◆ Your assignment ◆
Write down the listing again exactly as it appears below, without its pictures.

◆ Data ◆
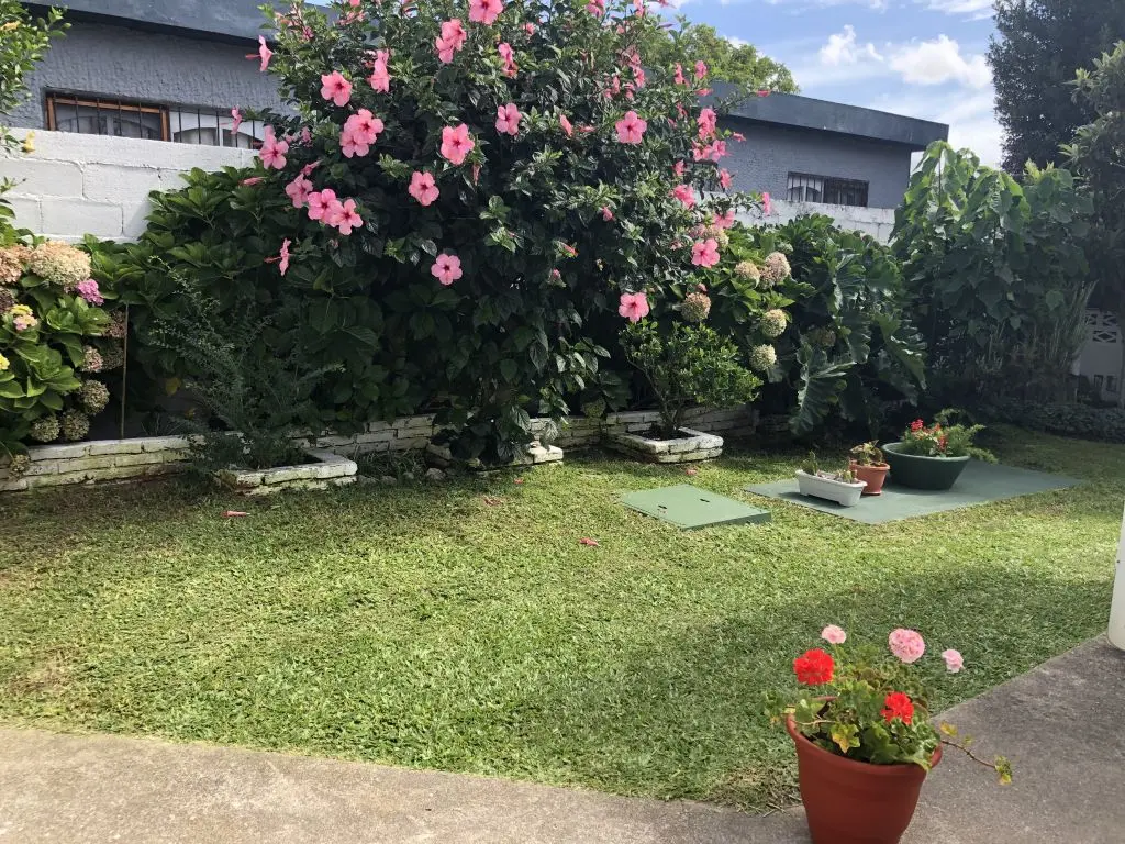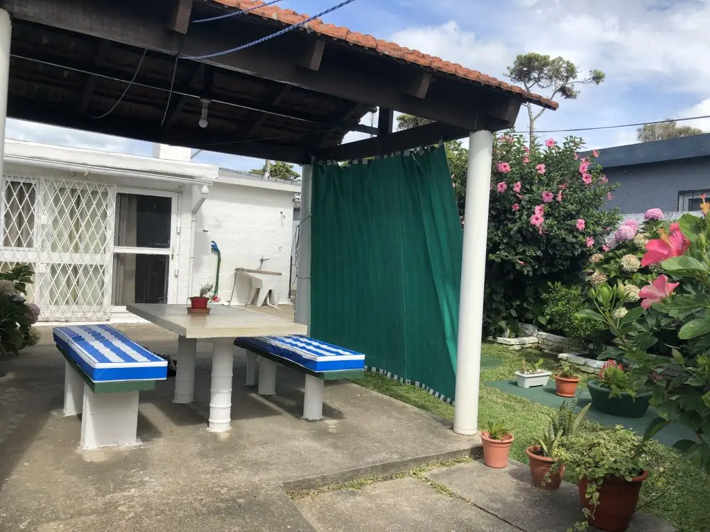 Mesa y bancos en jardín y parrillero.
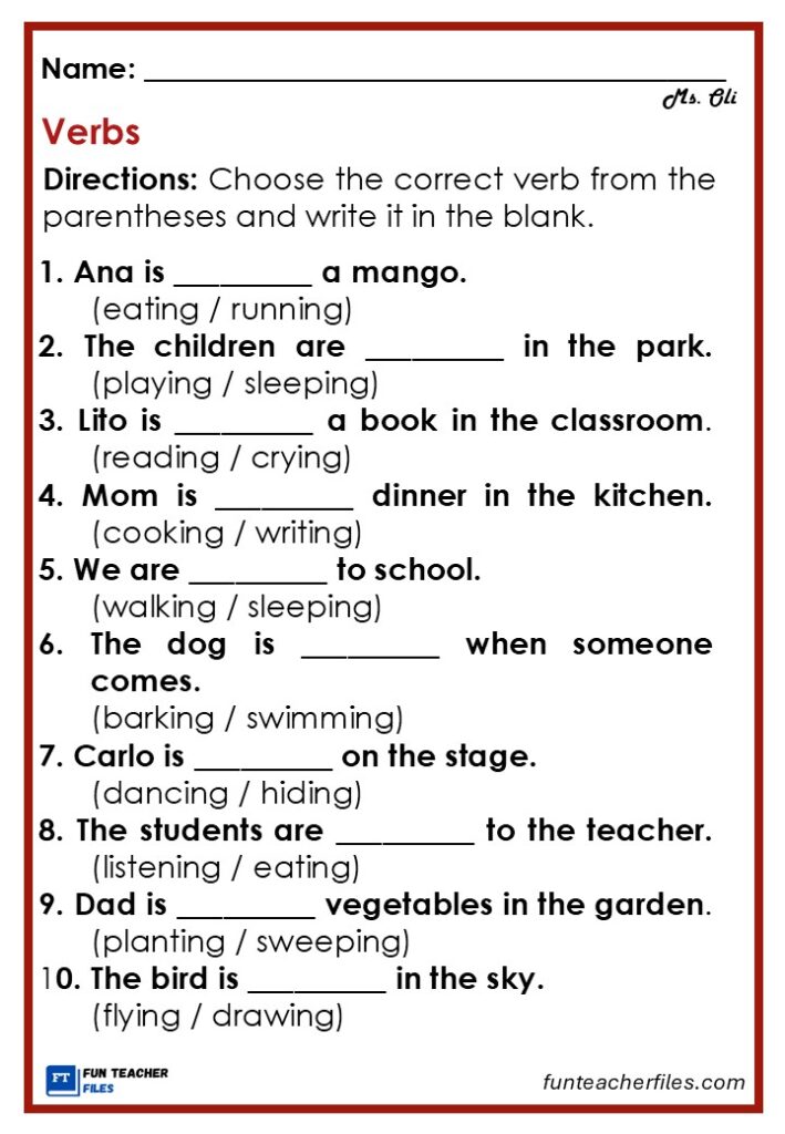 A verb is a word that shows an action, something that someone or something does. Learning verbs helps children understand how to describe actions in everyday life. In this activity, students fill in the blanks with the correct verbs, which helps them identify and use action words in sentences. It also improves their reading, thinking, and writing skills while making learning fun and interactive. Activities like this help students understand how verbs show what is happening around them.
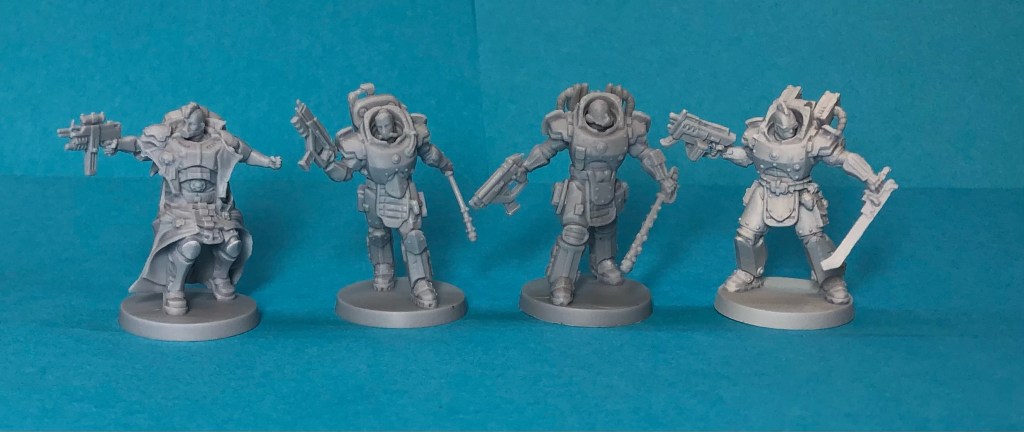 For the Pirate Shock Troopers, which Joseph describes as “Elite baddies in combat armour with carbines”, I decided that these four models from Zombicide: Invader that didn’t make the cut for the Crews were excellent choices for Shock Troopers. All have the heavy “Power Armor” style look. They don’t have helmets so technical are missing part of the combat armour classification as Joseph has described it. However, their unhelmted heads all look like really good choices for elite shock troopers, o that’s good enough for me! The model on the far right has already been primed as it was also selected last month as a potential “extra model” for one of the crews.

◆ The completed task ◆
 Mesa y bancos en jardín y parrillero.
 A verb is a word that shows an action, something that someone or something does. Learning verbs helps children understand how to describe actions in everyday life. In this activity, students fill in the blanks with the correct verbs, which helps them identify and use action words in sentences. It also improves their reading, thinking, and writing skills while making learning fun and interactive. Activities like this help students understand how verbs show what is happening around them.
 For the Pirate Shock Troopers, which Joseph describes as “Elite baddies in combat armour with carbines”, I decided that these four models from Zombicide: Invader that didn’t make the cut for the Crews were excellent choices for Shock Troopers. All have the heavy “Power Armor” style look. They don’t have helmets so technical are missing part of the combat armour classification as Joseph has described it. However, their unhelmted heads all look like really good choices for elite shock troopers, o that’s good enough for me! The model on the far right has already been primed as it was also selected last month as a potential “extra model” for one of the crews.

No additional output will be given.